What if the World Ocean covered only 49% of the Earth's surface? Would it be downgraded to only a lake? Surely not. It would still be the largest body of water.
One could retort that the World Ocean is surrounded by multiple continents, not by one landmass. Hence, if we define the World Ocean as the only large body of water contacting multiple landmasses, it becomes clearly distinguished from mere lakes.
However, this same definition would have the Nile river, which touches two different and separate parts of Africa in two the World Ocean.
So it seems a more precise definition is in order.
Before we attempt to define lakes and oceans rigorously, it's worth noting that geologists already tried. They use the term superocean to describe oceans that surround supercontinents, such as Panthalassa around Pangaea. This framing, however, is geochronological—it only works when the landmass happens to be unified. It’s binary and temporal. What about a definition that works today, independent of arbitrary continental definitions or geological epochs?
A Geometric Definition of a Lake
Let us propose a novel, geometric distinction between a lake and an ocean, based on the topology of enclosing boundaries and geodesic behavior on a sphere.
Suppose a body of water fully enclosed by any landmass (atoll, island, continent, etc.) which we shall call its enclosing boundary. Now, choose any two points \( A \) and \( B \) along this enclosing boundary. Between these two points, we shall define the geodesic that connect them.
A geodesic is
the shortest path between two points on a curved surface — on a sphere, this is a segment of a great circle (like the arc of the Earth's equator or a line of longitude).

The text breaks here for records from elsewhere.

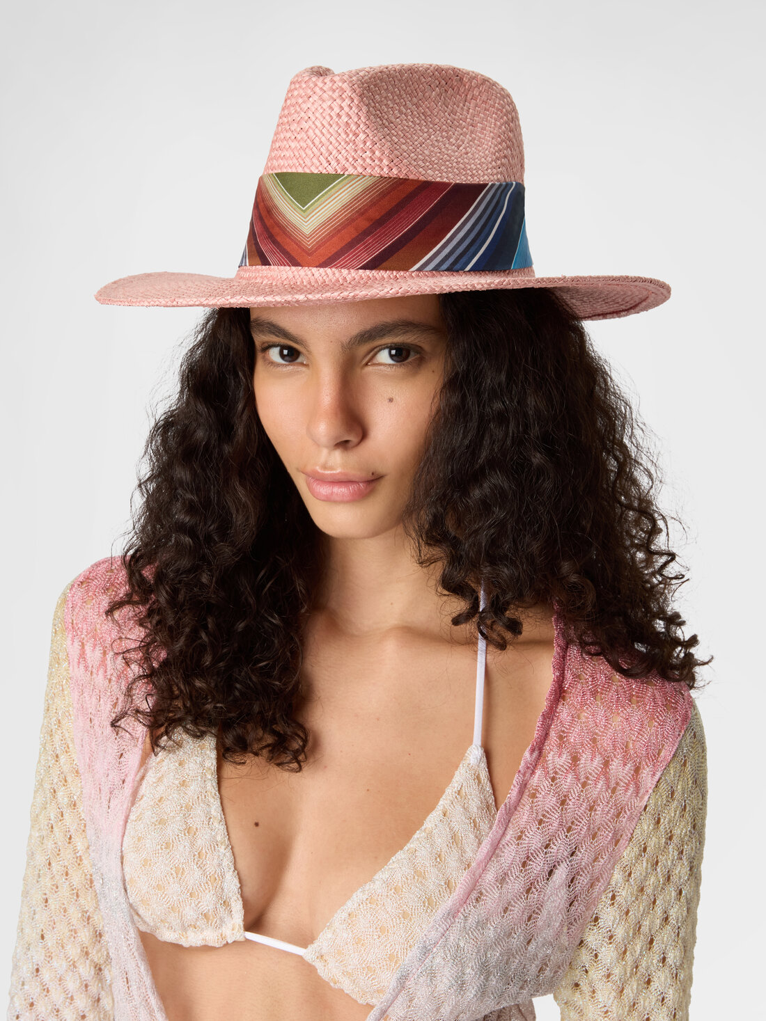 Elegante y desenfadado, este sombrero de paja para mujer con ala ancha está adornado con una cinta de pura seda con el motivo en zigzag y el logotipo de la maison. Un accesorio perfecto para completar con estilo los looks veraniegos.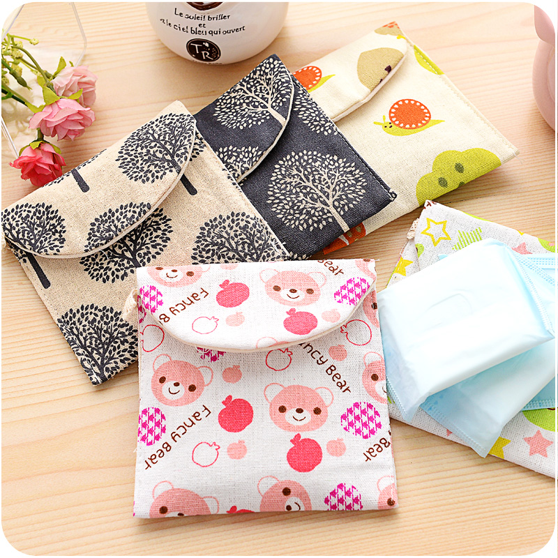 可愛小清新多圖案衛生棉包 女生姨媽巾收納包 裝衛生巾的棉布包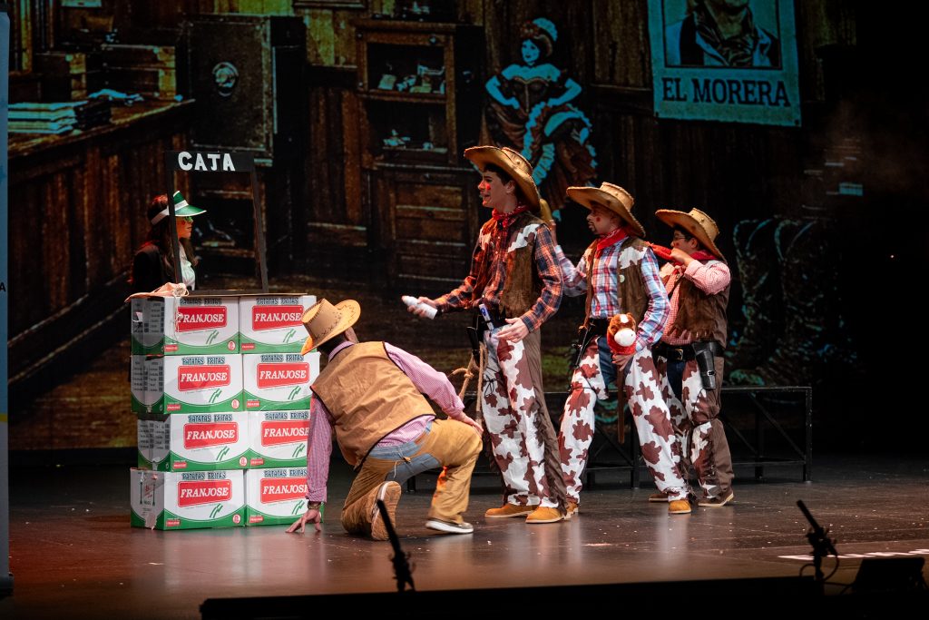 El cuarteto gaditano Las verdades del vaquero cierra una sesión de semifinal juvenil del COAC 2026 con una parodia ambientada en el Oeste y un atraco bancario convertido en sátira, combinando ritmo escénico, referencias actuales y mirada juvenil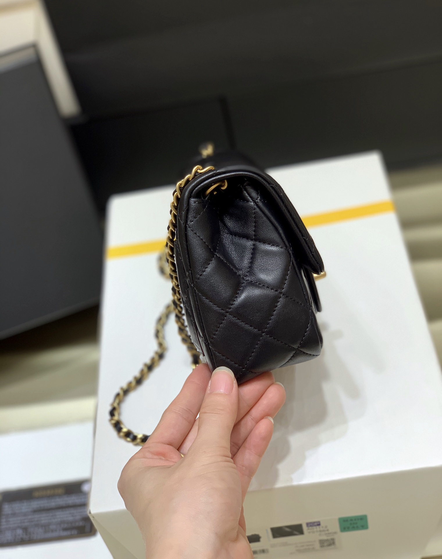 CHANELの象徴的な菱目縫いとダブルCロゴを採用。時代を超えて愛されるデザインで、エレガントな佇まいを演出します。 -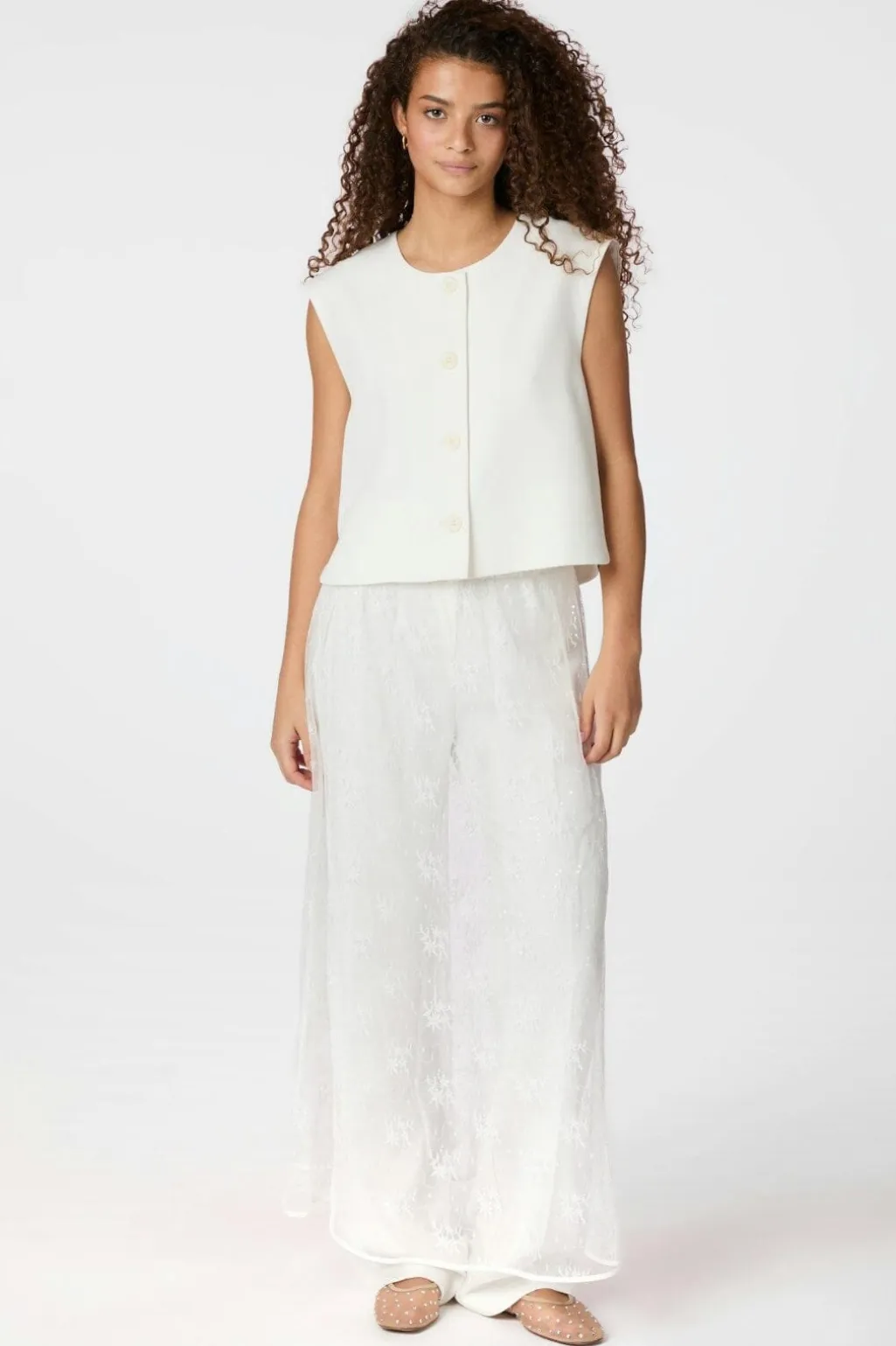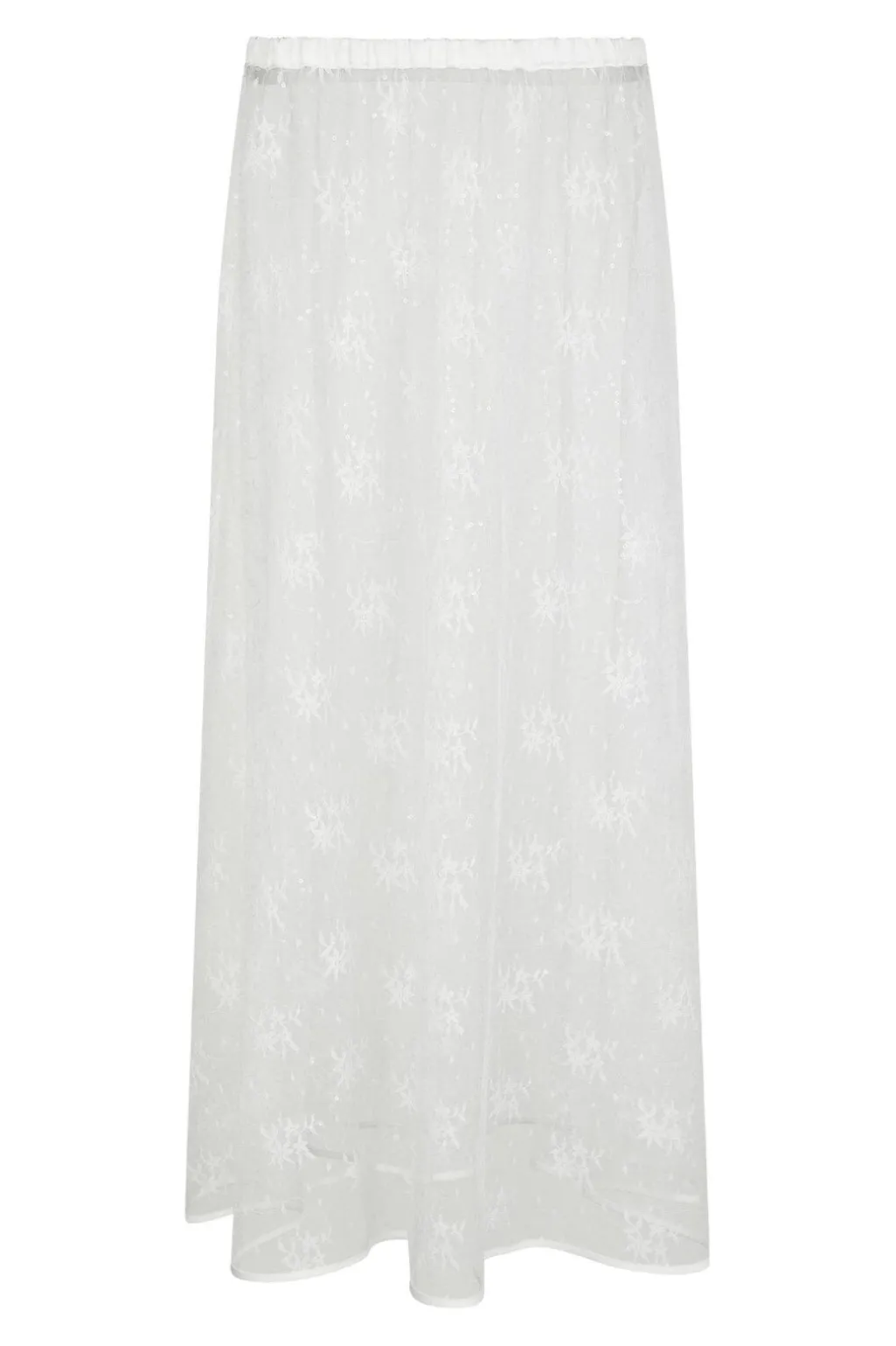 Hvid nederdel fra Neo Noir med blondemønster og pailletter. Den gennemsigtige nederdel har et blomstermønster og går til anklerne.

Now consider that there is another arc joining \( A \) and \( B \) that takes the longer path around the globe. If the points are not antipodal, then this path is longer than the geodesic. We call this arc the exterior geodesic.
Importantly, this exterior geodesic cannot not at any point intersect our original body of water. Consider for example a concave body of water, say, a river forming an S shape. If the two points are chosen over two different twists of the river, then we might not be able to form an external geodesic. In this case, we must pick another \( A \) and \( B \) pair for which this doesn't occur.
We now define:
a lake is a body of water for which we may find an external geodesic which subtends an arc greater than or equal to \( 180^{\circ} \).
Let us now consider the so-called "World Ocean". For any two points \( A \) and \( B \) along the enclosing border (e.g., coastal regions of the continents), the longer geodesic connecting them typically traverses open ocean and spans at least \( 180^{\circ} \).
In contrast, consider the Caspian Sea, the largest inland body of water on Earth, and doubly, a misnomer, being considered a lake not a sea. For any two points along the Caspian Sea's shoreline, the external geodesic will typically be greater than \( 180^{\circ} \).
This distinction provides a mathematically grounded criterion to differentiate oceans from lakes.